Reproduce precisely the lines between the start of the data below and the line with "O NOSSO FILÉ", both included.
::: RECORDED DATA :::
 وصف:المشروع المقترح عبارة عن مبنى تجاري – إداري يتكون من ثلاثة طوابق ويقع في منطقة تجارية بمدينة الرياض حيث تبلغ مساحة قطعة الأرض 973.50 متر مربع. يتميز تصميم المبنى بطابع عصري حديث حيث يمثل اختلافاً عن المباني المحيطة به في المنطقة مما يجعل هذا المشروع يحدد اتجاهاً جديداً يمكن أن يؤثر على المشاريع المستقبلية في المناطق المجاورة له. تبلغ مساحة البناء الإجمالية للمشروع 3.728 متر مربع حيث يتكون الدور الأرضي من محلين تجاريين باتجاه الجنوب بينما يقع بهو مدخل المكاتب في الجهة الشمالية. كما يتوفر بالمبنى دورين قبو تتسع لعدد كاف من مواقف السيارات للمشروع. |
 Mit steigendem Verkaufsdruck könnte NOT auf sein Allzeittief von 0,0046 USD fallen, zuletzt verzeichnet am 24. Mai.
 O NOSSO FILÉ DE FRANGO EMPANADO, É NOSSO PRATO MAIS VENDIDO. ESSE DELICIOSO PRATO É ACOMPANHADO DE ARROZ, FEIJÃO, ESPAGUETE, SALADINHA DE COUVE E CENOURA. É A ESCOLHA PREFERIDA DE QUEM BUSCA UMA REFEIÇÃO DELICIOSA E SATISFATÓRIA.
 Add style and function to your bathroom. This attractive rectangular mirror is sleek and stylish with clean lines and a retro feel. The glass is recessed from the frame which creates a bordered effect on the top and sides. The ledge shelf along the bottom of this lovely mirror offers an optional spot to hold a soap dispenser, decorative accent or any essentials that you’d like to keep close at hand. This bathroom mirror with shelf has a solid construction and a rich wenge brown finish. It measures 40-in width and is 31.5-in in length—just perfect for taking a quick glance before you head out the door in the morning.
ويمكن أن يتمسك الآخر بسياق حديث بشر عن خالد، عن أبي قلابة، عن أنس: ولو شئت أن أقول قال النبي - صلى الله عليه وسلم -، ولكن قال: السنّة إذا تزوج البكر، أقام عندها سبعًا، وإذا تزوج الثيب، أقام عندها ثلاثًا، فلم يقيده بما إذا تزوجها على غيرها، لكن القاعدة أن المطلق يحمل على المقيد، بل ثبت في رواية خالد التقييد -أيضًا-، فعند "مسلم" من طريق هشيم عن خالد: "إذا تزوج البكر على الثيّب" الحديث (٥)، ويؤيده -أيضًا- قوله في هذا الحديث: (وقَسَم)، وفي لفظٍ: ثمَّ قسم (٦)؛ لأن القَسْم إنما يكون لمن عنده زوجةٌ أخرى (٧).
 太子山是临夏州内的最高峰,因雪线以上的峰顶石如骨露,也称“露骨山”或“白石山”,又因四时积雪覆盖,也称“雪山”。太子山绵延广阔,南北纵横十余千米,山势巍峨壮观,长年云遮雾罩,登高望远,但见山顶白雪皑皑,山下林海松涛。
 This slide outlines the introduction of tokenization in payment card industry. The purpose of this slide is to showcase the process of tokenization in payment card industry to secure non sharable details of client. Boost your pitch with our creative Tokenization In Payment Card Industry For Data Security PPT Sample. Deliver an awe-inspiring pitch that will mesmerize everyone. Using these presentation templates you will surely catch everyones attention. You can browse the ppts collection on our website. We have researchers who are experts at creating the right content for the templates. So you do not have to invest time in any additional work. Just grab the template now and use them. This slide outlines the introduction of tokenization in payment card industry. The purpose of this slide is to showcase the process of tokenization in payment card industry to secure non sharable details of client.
:::
#### SOLUTION:
 وصف:المشروع المقترح عبارة عن مبنى تجاري – إداري يتكون من ثلاثة طوابق ويقع في منطقة تجارية بمدينة الرياض حيث تبلغ مساحة قطعة الأرض 973.50 متر مربع. يتميز تصميم المبنى بطابع عصري حديث حيث يمثل اختلافاً عن المباني المحيطة به في المنطقة مما يجعل هذا المشروع يحدد اتجاهاً جديداً يمكن أن يؤثر على المشاريع المستقبلية في المناطق المجاورة له. تبلغ مساحة البناء الإجمالية للمشروع 3.728 متر مربع حيث يتكون الدور الأرضي من محلين تجاريين باتجاه الجنوب بينما يقع بهو مدخل المكاتب في الجهة الشمالية. كما يتوفر بالمبنى دورين قبو تتسع لعدد كاف من مواقف السيارات للمشروع. |
 Mit steigendem Verkaufsdruck könnte NOT auf sein Allzeittief von 0,0046 USD fallen, zuletzt verzeichnet am 24. Mai.
 O NOSSO FILÉ DE FRANGO EMPANADO, É NOSSO PRATO MAIS VENDIDO. ESSE DELICIOSO PRATO É ACOMPANHADO DE ARROZ, FEIJÃO, ESPAGUETE, SALADINHA DE COUVE E CENOURA. É A ESCOLHA PREFERIDA DE QUEM BUSCA UMA REFEIÇÃO DELICIOSA E SATISFATÓRIA.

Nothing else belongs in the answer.